* Your objective: Go to the line with "5、設備由一、二、三、多加熱" in the material below and copy from there through the line with "資料圖:山西太原,民眾正在超市選購進(jìn)口食品。張?jiān)茢z", exactly. Pictures are not copied.
━━━━━ Extracted information ━━━━━
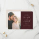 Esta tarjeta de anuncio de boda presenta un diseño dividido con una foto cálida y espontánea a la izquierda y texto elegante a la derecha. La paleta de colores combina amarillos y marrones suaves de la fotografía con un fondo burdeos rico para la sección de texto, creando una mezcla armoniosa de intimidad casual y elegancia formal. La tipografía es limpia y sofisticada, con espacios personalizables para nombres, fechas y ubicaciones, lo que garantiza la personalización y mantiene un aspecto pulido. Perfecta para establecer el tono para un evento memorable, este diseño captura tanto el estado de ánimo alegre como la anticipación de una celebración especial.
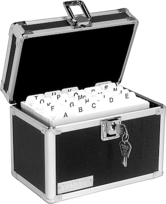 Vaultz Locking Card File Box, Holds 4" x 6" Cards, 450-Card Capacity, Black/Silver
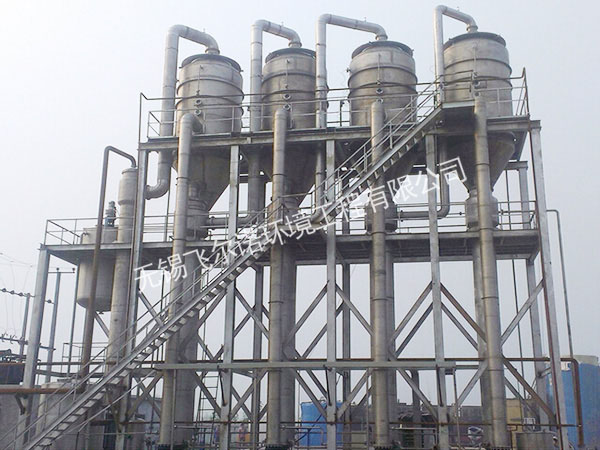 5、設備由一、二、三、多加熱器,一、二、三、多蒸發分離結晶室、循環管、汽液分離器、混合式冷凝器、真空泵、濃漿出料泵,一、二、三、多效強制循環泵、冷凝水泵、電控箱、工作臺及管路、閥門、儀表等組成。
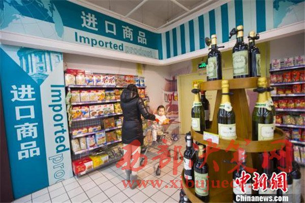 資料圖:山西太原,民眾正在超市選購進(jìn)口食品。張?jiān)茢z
━━━━━
━━━━━ Extracted information ━━━━━
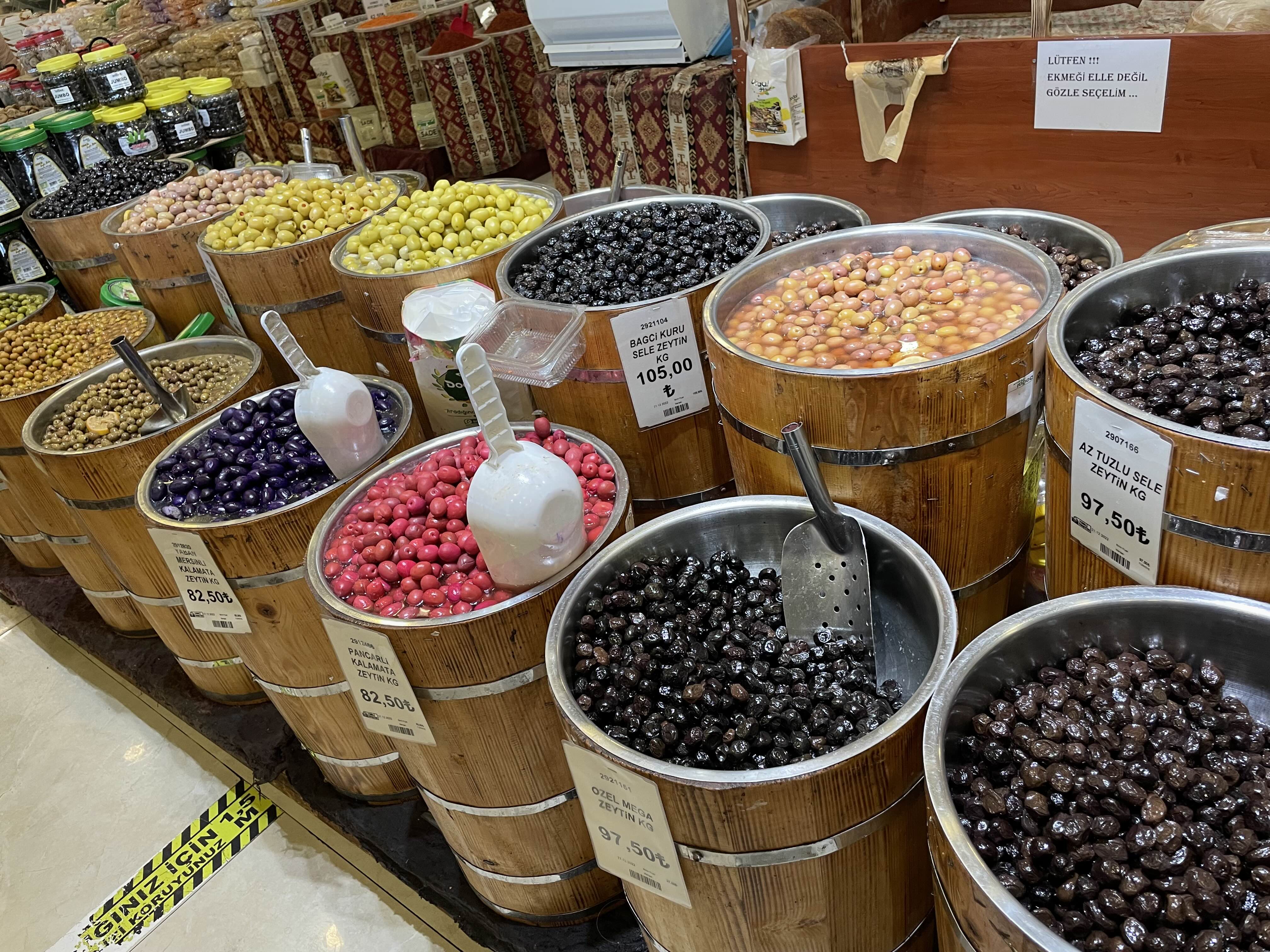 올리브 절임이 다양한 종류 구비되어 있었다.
━━━━━
━━━━━ Extracted information ━━━━━
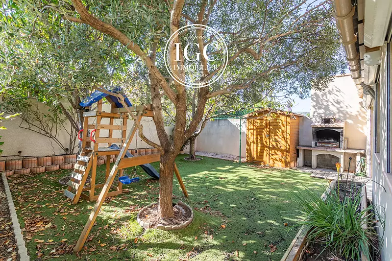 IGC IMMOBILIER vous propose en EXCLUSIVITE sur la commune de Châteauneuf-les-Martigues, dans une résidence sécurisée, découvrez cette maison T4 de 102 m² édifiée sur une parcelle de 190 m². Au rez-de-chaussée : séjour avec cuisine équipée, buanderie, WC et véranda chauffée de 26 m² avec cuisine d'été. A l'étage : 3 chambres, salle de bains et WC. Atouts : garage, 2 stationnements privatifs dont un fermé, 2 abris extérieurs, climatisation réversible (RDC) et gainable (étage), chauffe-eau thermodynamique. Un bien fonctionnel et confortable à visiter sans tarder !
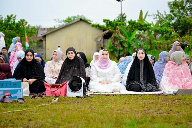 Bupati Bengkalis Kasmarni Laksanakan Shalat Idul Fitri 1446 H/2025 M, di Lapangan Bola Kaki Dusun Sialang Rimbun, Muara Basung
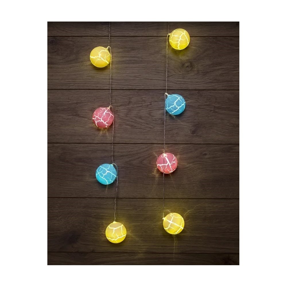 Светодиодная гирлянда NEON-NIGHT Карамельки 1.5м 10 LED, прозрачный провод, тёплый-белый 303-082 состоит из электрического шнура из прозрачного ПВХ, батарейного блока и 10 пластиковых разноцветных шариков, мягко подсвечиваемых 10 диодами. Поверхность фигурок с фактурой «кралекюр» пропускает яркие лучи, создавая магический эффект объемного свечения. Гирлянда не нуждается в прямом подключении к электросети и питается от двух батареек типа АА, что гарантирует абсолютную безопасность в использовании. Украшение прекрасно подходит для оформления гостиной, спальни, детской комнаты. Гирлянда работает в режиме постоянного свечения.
━━━━━
* Reply to the exercise:
 5、設備由一、二、三、多加熱器,一、二、三、多蒸發分離結晶室、循環管、汽液分離器、混合式冷凝器、真空泵、濃漿出料泵,一、二、三、多效強制循環泵、冷凝水泵、電控箱、工作臺及管路、閥門、儀表等組成。
 資料圖:山西太原,民眾正在超市選購進(jìn)口食品。張?jiān)茢z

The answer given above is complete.